As is fashionable nowadays, last night's city council meeting in San Juan Capistrano saw members of the public comparing elected officials to mid-century fascist monsters. The tyrant of choice? Benito Mussolini.
Roy L. Byrnes
was mayor of the city during the 1970s. Now, he's a tortoise-shell-glasses-wearing 85-year-old who thinks he smells something fishy on the city council.
"There's a lot of shenanigans going on," he whispered to me, handing over a draft of his prepared remarks before heading up to the microphone to deliver them during public comments.
"I'm ashamed of this council," he said. "You've been pushing the envelope to the edge of breaking the law."
That's about when he busted out the Mussolini comparison. After all, that guy made stuff happen without public input, and we all know how that turned out.
He and fellow local gadfly Jim Reardon had spent the morning at the Orange County District Attorney's office, following up on a complaint they had filed against the council last summer. There, they learned that Sr. Assistant District Attorney William Feccia had met with San Juan city attorney Omar Sandoval, interim city manager Joe Tait and then-mayor Mark Nielsen on Nov. 5, 2009 to talk over whether the city had violated the Brown Act, California's open meeting law.
A letter sent by Sandoval to the DA on Dec. 8, Byrnes and Reardon assert, shows that the DA had found that the city council had indeed broken the law and Sandoval had agreed to change the council's ways going forwards.
Not so, say Sandoval and Nielsen. From the dais, Nielsen, now a councilman, bristled at Byrnes' and Reardon's comments. But because the violations that they were alleging had happened in closed city-council meetings, Nielsen said, he couldn't say exactly why they were wrong.
"Because I respect the Brown Act, I can't really discuss this," Nielsen said to Byrnes. "But, I, sir, do not share your view. You are making assumptions beyond the facts."
The dispute centers around a deal inked last year that provides the city with the option to buy up 116 acres of open space around a site that may house a yet-to-be-approved retirement community. In closed session, the council and the members of the city's open space finance subcommittee--which includes Orange County ex-sheriff Brad Gates--discussed the terms of the agreement, which dealt with not only the price of the land but also parking, water rights and land use. Those sorts of issues are meant to be discussed in open session, council critics say.

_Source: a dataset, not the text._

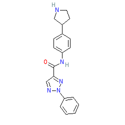 | SMILES | O=C(Nc1ccc(C2CCNC2)cc1)c1cnn(-c2ccccc2)n1 |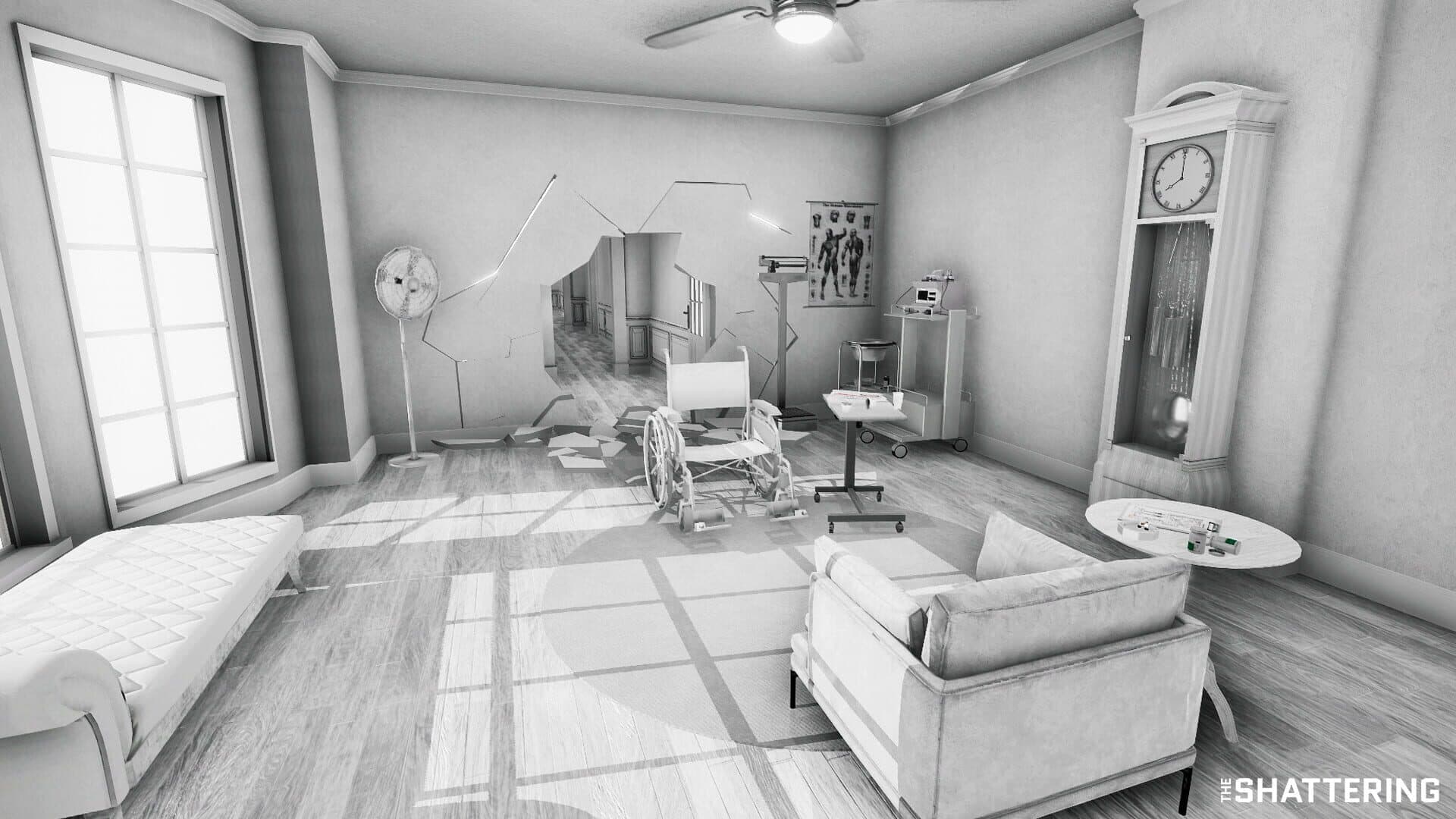 The Shattering is a first-person, story-driven, psychological thriller that takes place in the pristine white aesthetic of protagonist John Evans' own dream. Players must piece together the fragments of the past and present, following the voice of the 'Doctor' as he guides them deeper into John’s mind. Players will experience the key moments of John's life that have defined and shaped him - they will be tasked with discovering the truth, shattering the lies and, ultimately, finding out what happened to him... and to remember her name.

Sandoval says the DA's investigation, now closed, did not find the city had erred. Speaking to the Weekly this morning, he said DA Feccia wouldn't even tell him what, exactly, he had been investigating. But Sandoval surmised that it had to do with the option-agreement's provisions stipulating that the council and the developer would need to eventually come to agreements on parking and other issues related to the property. He could see that an outsider might think those deals were pre-approved in closed session. But all along, he says, the intention has been that they would be publicly drafted and vetted.
He says the correspondence between him and the DA's office proves he's right, and that Byrnes and Reardon simply have reading comprehension problems. "It's unfortunate that they want to read things their own way," he says.
Byrnes and Reardon says that even if the council didn't technically break the law, it can't be a good sign that they came close enough to warrant a meeting with the DA. That meeting resulted in a request to the California Attorney General asking for a determination on how to interpret the Brown Act's language about confidential discussion of "price and terms of payment" for real estate.
"It's unseemly that this council is so close to the edge that we're going to the state," Reardon said last night.
We've got a call to the DA's office for some clarity. In the meantime, read the letters between the OCDA and the city below.
Update 2:44 p.m.: Just got off the phone with Feccia and Assistant District Attorney Michael Lubinski. Feccia says his investigation found no criminal wrongdoing on behalf of anyone with the city; criminal wrongdoing would require evidence that someone had purposefully discussed in closed session information they knew should be public. Because the option agreement was made public after it was approved, he says, they was clearly no intent on behalf of the council to keep anything it contained hidden.
On the question of whether discussions of land use in closed session should have been conducted in the open, Feccia says the law is unclear. No court case has tested the question other than Shapiro vs. San Diego City Council, which said that a city couldn't hold closed-session discussions about a land issues without having those discussions being tied to a the potential acquisition of a specific piece of real estate.
"This is a grey area of the law," Feccia says. "The complainant [Byrnes] seems to think this is a bright line. It is not. If it was a bright line, we would have acted. "
Sandoval's Dec. 18 letter said that San Juan Capistrano would hold all future discussions about the option agreement in the open, but it's Feccia's impression--and Sandoval's contention--that that had been the city's plan all along.
Lubinski confirmed that he went over all of this with Byrnes and Reardon yesterday.
"We did not see anything sinister at all as to the conduct of the council members or the city arttorney or manager," Lubinski said. "Everyone's trying to do the right thing. We're real pleased with the results."